With a rising crop of native venture funds that are seeing their assets balloon and their influence upend the traditional venture hierarchy, storied venture firm Sequoia is not just competing with the a16z, but with a rising crop of native venture funds that are seeing their assets balloon and their influence upend In a conversation on the new web3 show Chain Reaction, the partner of Sequoia talked about the firm's commitment to the sector, regulatory challenges and what many investors still don't understand.

The sub-fund was dedicated to buying up cryptocurrencies. Over the years, the firm has made a number of equity investments in the space, including Fireblocks and FTX, but it has not made a dedicated fund for it.

The cooling of public market tech stocks has threatened to stall growth in the emerging category, which has still proven susceptible to macro conditions. When the market grows less frothy, many other funds will pull back, but he believes that Sequoia has already committed to a lengthy relationship with the sector.

quoia is very deliberate with everything we do and we spend huge amounts of time debating every strategy change, everything, we debate every seed investment to sometimes excruciating detail, but it helps us make really good decisions and make decisions as a team rather than as individuals. Over the last 18 months, we went from being some people with strong positive views, to the whole firm being completely behind it.
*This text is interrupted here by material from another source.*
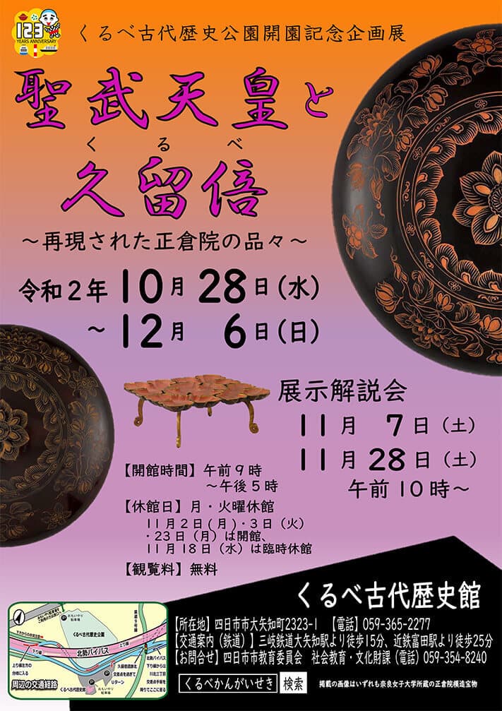 聖武天皇とゆかりの深い東大寺正倉院宝物の再現品(奈良女子大学所蔵)を展示します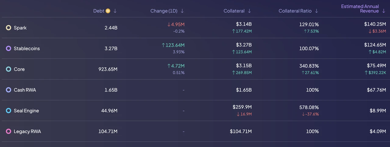 MakerDAO 的负债构成及年收入 来源: sky 官网

Why a bipartisan embrace of crypto might never touch Bitcoin

Some in the venture capital community believe that the benefits of the sector are being oversold and that the web3 promise of decentralization is just smoke and mirrors.

There are a lot of things that are not understood by the average person. You want the majority of compute to be centralized. For a lot of decision making, centralization can be better.

The ability of users to be able to leave with their identity and data is more important than decentralization for its own sake. The rulebook of traditional investor protections shouldn't be thrown out, despite the fact that decentralization allows for a certain type of consumer protections.

A lot of the consumer protections put in place by US law were won out of hard-fought lessons over a century. There is a lot of wisdom in there. The way things were done in the past was actually pretty good and got there for an optimal reason.